• SUPPLIED INFORMATION
- - -

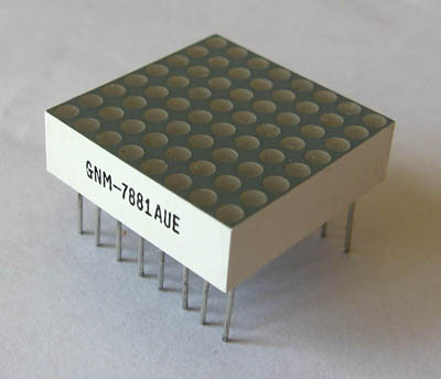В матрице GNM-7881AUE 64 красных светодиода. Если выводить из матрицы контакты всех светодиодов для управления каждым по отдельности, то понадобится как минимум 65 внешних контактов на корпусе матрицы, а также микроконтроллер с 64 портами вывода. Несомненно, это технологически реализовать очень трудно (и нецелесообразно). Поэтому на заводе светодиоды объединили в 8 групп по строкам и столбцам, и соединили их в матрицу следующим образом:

- - -

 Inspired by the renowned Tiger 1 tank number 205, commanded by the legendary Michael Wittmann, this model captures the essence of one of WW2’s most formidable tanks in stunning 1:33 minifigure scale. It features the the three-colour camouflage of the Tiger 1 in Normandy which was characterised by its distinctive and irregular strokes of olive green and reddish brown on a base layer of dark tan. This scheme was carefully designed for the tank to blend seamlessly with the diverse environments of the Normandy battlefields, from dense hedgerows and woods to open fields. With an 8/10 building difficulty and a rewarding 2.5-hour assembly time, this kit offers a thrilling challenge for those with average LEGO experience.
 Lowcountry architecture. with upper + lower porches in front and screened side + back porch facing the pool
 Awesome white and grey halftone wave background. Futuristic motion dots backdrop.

- - -

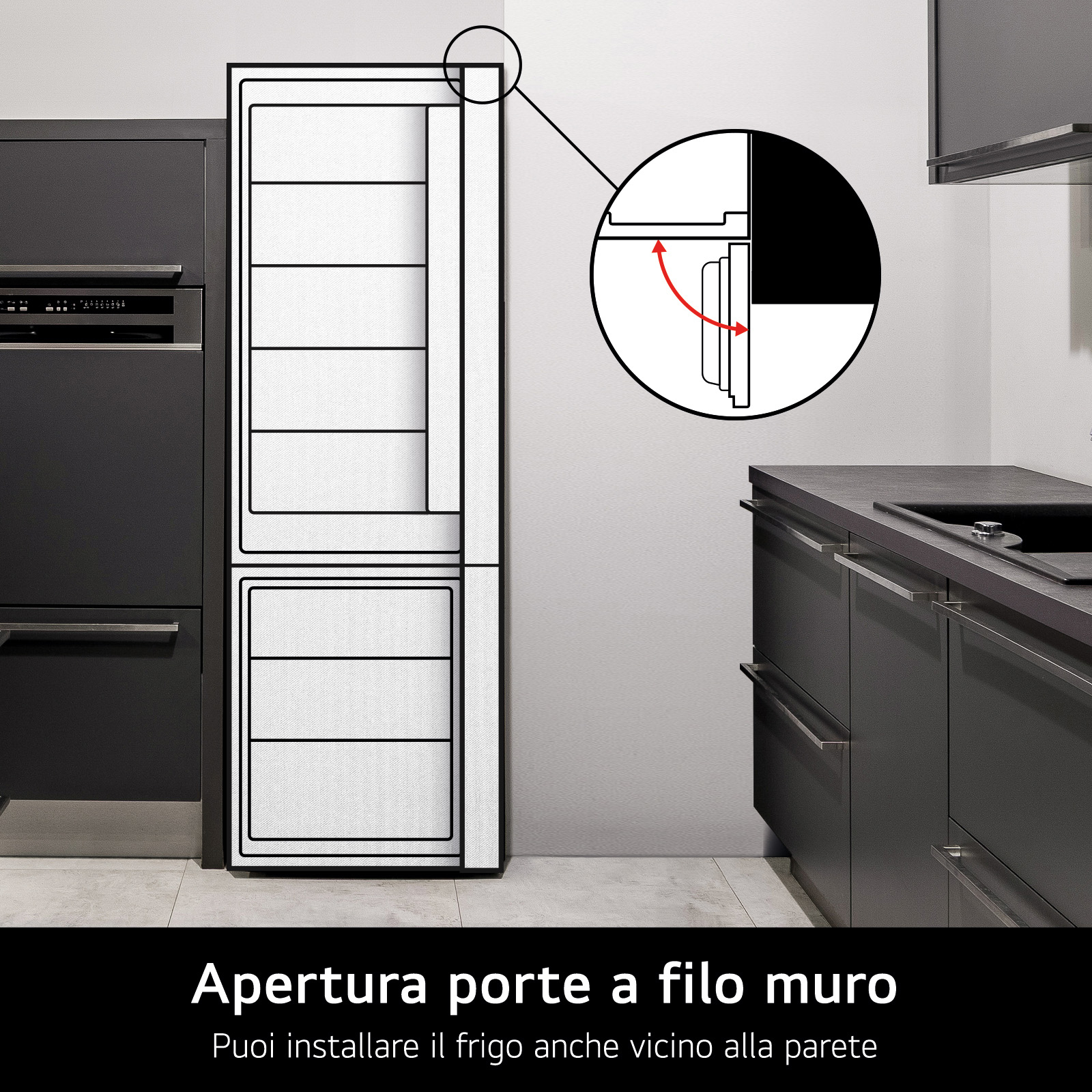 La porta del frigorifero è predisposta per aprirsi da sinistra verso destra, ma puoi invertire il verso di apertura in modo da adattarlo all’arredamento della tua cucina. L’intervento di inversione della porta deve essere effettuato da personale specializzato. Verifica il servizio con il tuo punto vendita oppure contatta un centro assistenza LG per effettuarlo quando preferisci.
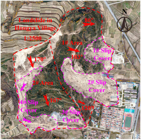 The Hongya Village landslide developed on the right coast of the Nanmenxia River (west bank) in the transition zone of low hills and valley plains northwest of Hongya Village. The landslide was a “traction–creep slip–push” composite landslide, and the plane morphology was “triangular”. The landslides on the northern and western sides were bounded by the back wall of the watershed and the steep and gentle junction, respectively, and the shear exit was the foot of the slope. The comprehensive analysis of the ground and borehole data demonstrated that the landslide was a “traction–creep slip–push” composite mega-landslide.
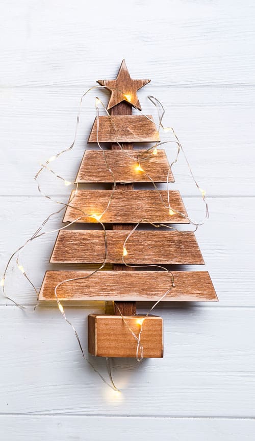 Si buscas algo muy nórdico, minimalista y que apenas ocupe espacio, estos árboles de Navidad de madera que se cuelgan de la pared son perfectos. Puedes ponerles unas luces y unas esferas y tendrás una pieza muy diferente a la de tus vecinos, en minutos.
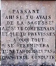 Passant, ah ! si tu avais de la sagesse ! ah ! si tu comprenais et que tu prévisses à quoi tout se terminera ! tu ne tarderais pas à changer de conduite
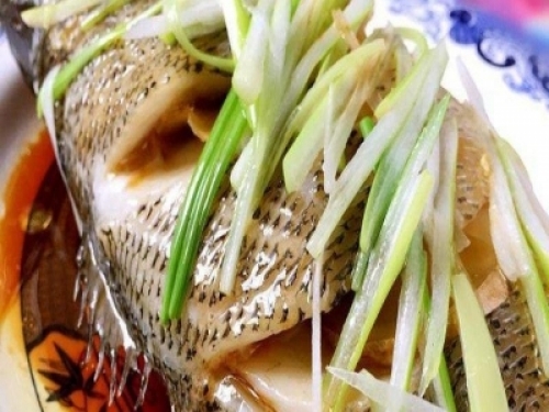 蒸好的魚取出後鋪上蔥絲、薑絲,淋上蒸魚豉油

- - -

Nothing except the lines from the one containing "Si buscas algo" through the one containing "蒸好的魚取出後鋪上蔥絲、薑絲,淋上蒸魚豉油" should appear in the answer, exactly as above and without pictures.

 Si buscas algo muy nórdico, minimalista y que apenas ocupe espacio, estos árboles de Navidad de madera que se cuelgan de la pared son perfectos. Puedes ponerles unas luces y unas esferas y tendrás una pieza muy diferente a la de tus vecinos, en minutos.
 Passant, ah ! si tu avais de la sagesse ! ah ! si tu comprenais et que tu prévisses à quoi tout se terminera ! tu ne tarderais pas à changer de conduite
 蒸好的魚取出後鋪上蔥絲、薑絲,淋上蒸魚豉油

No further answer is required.